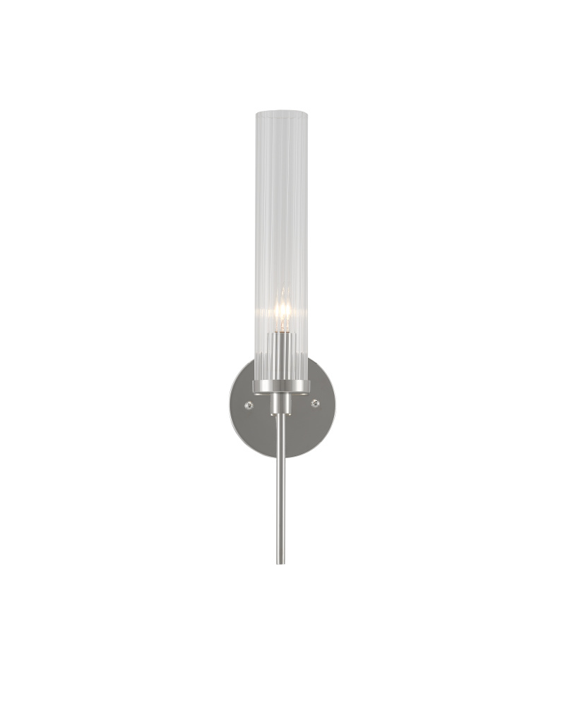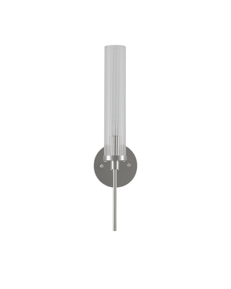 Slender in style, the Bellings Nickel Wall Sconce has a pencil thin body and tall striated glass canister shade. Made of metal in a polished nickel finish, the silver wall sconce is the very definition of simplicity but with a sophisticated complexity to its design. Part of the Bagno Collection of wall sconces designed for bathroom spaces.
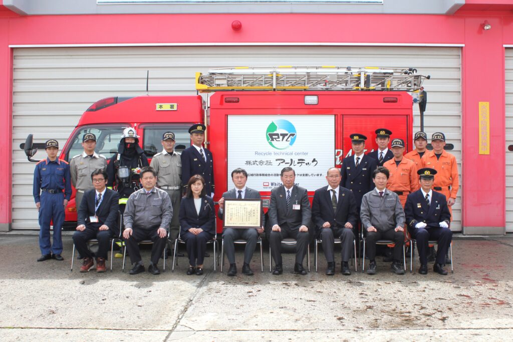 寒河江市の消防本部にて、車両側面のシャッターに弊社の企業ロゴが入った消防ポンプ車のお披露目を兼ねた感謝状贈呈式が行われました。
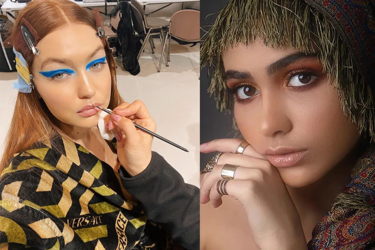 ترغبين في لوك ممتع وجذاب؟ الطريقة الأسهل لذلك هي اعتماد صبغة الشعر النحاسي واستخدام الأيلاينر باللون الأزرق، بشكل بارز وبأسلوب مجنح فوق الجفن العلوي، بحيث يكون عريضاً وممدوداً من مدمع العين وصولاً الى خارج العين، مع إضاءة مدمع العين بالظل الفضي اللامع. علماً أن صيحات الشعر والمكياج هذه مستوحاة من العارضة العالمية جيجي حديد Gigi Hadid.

* * *

- PROBLEM REQUIREMENTS
Drop the pictures and reproduce the rest of the data above exactly.

- RESPONSE AREA
 Slender in style, the Bellings Nickel Wall Sconce has a pencil thin body and tall striated glass canister shade. Made of metal in a polished nickel finish, the silver wall sconce is the very definition of simplicity but with a sophisticated complexity to its design. Part of the Bagno Collection of wall sconces designed for bathroom spaces.
 寒河江市の消防本部にて、車両側面のシャッターに弊社の企業ロゴが入った消防ポンプ車のお披露目を兼ねた感謝状贈呈式が行われました。
 ترغبين في لوك ممتع وجذاب؟ الطريقة الأسهل لذلك هي اعتماد صبغة الشعر النحاسي واستخدام الأيلاينر باللون الأزرق، بشكل بارز وبأسلوب مجنح فوق الجفن العلوي، بحيث يكون عريضاً وممدوداً من مدمع العين وصولاً الى خارج العين، مع إضاءة مدمع العين بالظل الفضي اللامع. علماً أن صيحات الشعر والمكياج هذه مستوحاة من العارضة العالمية جيجي حديد Gigi Hadid.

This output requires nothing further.